> [MATERIAL TO PROCESS]:

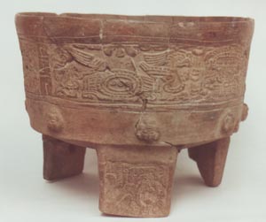 Cuenco de pared recta, base trípode, borde redondeado, soportes cuadrados huecos. Decoración: los soportes tienen decoración en bajo relieve de un personaje zoomorfo, con cola, manos y patas largas, tocado muy elaborado, ojos redondos. En la parte media del cuerpo hay una banda horizontal que va a todo alrededor del cuenco. En su interior hay…
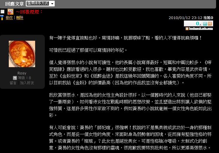 我相信自己不是您所指稱的那些「大多評論家」,我是金庸迷,也喜歡張恨水,我更愛讀古龍的武俠小說,我連梁羽生的作品都翻遍了,誰說「通俗文學」不是「文學」?那種囿於成見的人,就應該唾棄!
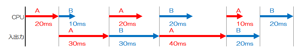 - プログラムB:CPU(10ms)→I/O(30ms)→CPU(20ms)→I/O(20ms)→CPU(20ms)
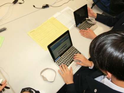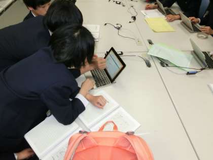 来週の修学旅行に向けて、班行動時の交通機関の料金や時間、拝観料などを会計係の生徒が、タブレットパソコンで確認しています。
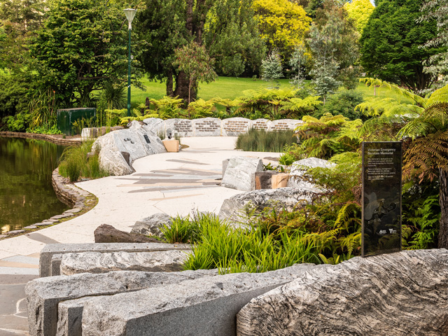 The memorial was designed by Rush Wright Associates who worked in collaboration with CFA, VicSES, City of Melbourne and PTA Landscapes to complete the Victorian Emergency Services Memorial. Transforming an existing turf area and manmade lake, the memorial design forms a complete landscaped garden.
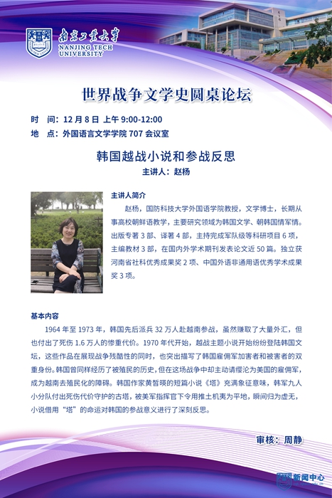1 | 赵杨 | 国防科技大学 外国语学院教授 | 韩国越战小说和参战反思 |
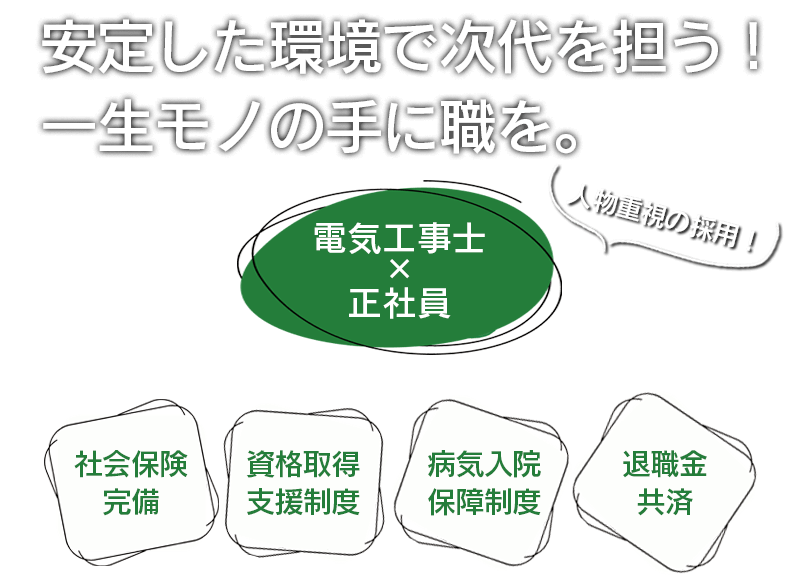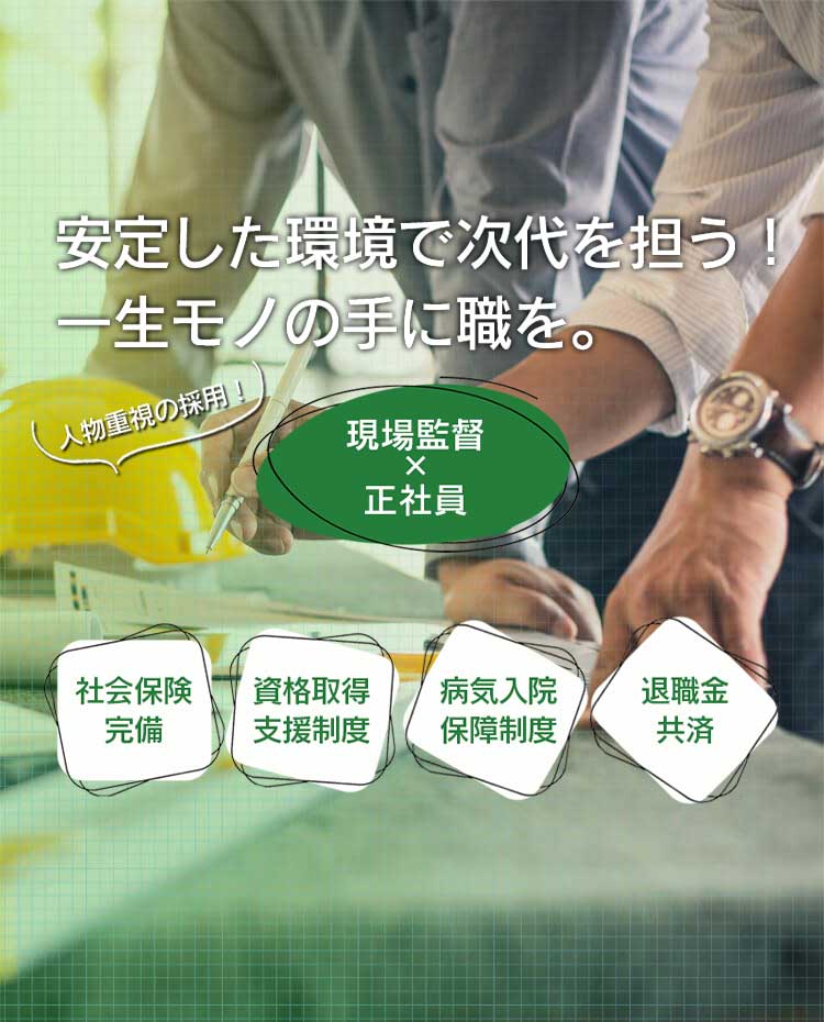 この度事業拡大に伴い、次代を担うスタッフを募集します。先輩社員と若手社員の仲が良く、風通しの良い職場です。経験者、有資格者の方はもちろん、人物重視の採用なので未経験者でもやる気と向上心があればOK!入社後に資格取得支援制度を利用してスキルアップできます!

> [TASK]: When the line containing "来週の修学旅行に向けて、班行" is reached, write out that line and each one after it exactly, ending with the last line of the records; pictures are not copied.

> [ANSWER]:
 来週の修学旅行に向けて、班行動時の交通機関の料金や時間、拝観料などを会計係の生徒が、タブレットパソコンで確認しています。
 The memorial was designed by Rush Wright Associates who worked in collaboration with CFA, VicSES, City of Melbourne and PTA Landscapes to complete the Victorian Emergency Services Memorial. Transforming an existing turf area and manmade lake, the memorial design forms a complete landscaped garden.
1 | 赵杨 | 国防科技大学 外国语学院教授 | 韩国越战小说和参战反思 |
 この度事業拡大に伴い、次代を担うスタッフを募集します。先輩社員と若手社員の仲が良く、風通しの良い職場です。経験者、有資格者の方はもちろん、人物重視の採用なので未経験者でもやる気と向上心があればOK!入社後に資格取得支援制度を利用してスキルアップできます!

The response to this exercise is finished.